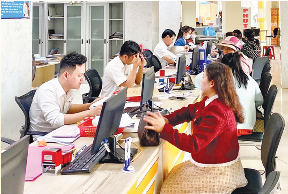
Thực hiện tốt công tác giải quyết thủ tục hành chính lĩnh vực ngành Công Thương cho tổ chức, cá nhân, phần đầu 100% thủ tục hành chính được giải quyết trước hẹn và đúng hẹn, không để xảy ra trường hợp thủ tục hành chính giải quyết trễ hẹn.

đầu trong công tác lãnh đạo, chỉ đạo, kiểm tra việc thực hiện kỷ luật, kỷ cương hành chính. (2) Chú trọng đến công tác phòng ngừa, tạo môi trường làm việc dân chủ, công khai, minh bạch, xây dựng tập thể đơn vị đoàn kết, không ngừng nâng cao ý thức chấp hành kỷ cương, kỷ luật của công chức, viên chức, người lao động. (3) Người đứng đầu các phòng, đơn vị chịu trách nhiệm nêu để xảy ra vi phạm pháp luật, vi phạm kỷ luật, kỷ cương tại cơ quan. (4) Thường xuyên kiểm tra, chấn chỉnh, xử lý nghiêm các trường hợp công chức, viên chức vi phạm về nội quy, giờ giấc làm việc, thái độ giao tiếp ứng xử, đòi
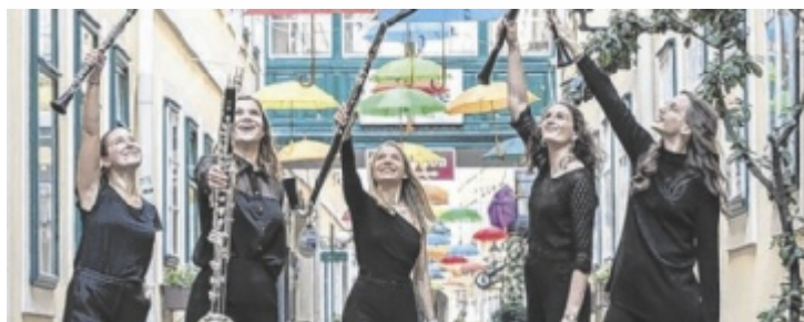
Klarinetten-Ensemble nimmt mit auf eine Klangreise.

STEYR. Am Vorplatz des Altenheimes am Tabor (Gottfried-Koller-Straße 2) steigt am Freitag, 11. April, von 13 bis 18 Uhr und am Samstag, 12. April, von 9 bis 13 Uhr wieder der Bücher-Flohmarkt von Vita Mobile. Infos unter www.vitamobile.at oder Tel. 07252 86999
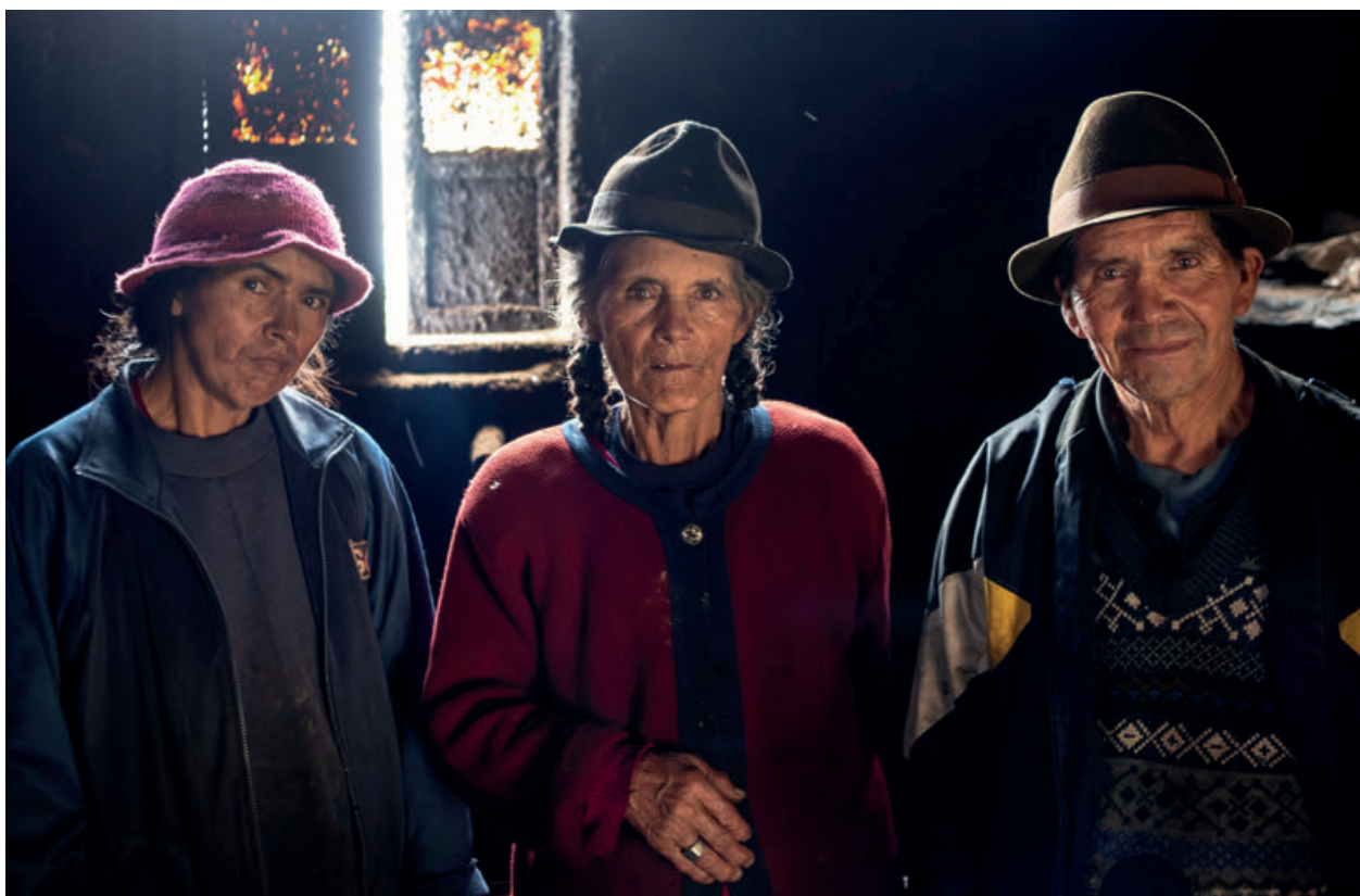
Фото: Кристиан Тассо, из проекта «15 процентов».

- [Description of the task]
Give an exact copy of the listing, without its pictures.

- [Task answer]
Thực hiện tốt công tác giải quyết thủ tục hành chính lĩnh vực ngành Công Thương cho tổ chức, cá nhân, phần đầu 100% thủ tục hành chính được giải quyết trước hẹn và đúng hẹn, không để xảy ra trường hợp thủ tục hành chính giải quyết trễ hẹn.

đầu trong công tác lãnh đạo, chỉ đạo, kiểm tra việc thực hiện kỷ luật, kỷ cương hành chính. (2) Chú trọng đến công tác phòng ngừa, tạo môi trường làm việc dân chủ, công khai, minh bạch, xây dựng tập thể đơn vị đoàn kết, không ngừng nâng cao ý thức chấp hành kỷ cương, kỷ luật của công chức, viên chức, người lao động. (3) Người đứng đầu các phòng, đơn vị chịu trách nhiệm nêu để xảy ra vi phạm pháp luật, vi phạm kỷ luật, kỷ cương tại cơ quan. (4) Thường xuyên kiểm tra, chấn chỉnh, xử lý nghiêm các trường hợp công chức, viên chức vi phạm về nội quy, giờ giấc làm việc, thái độ giao tiếp ứng xử, đòi
Klarinetten-Ensemble nimmt mit auf eine Klangreise.

STEYR. Am Vorplatz des Altenheimes am Tabor (Gottfried-Koller-Straße 2) steigt am Freitag, 11. April, von 13 bis 18 Uhr und am Samstag, 12. April, von 9 bis 13 Uhr wieder der Bücher-Flohmarkt von Vita Mobile. Infos unter www.vitamobile.at oder Tel. 07252 86999
Фото: Кристиан Тассо, из проекта «15 процентов».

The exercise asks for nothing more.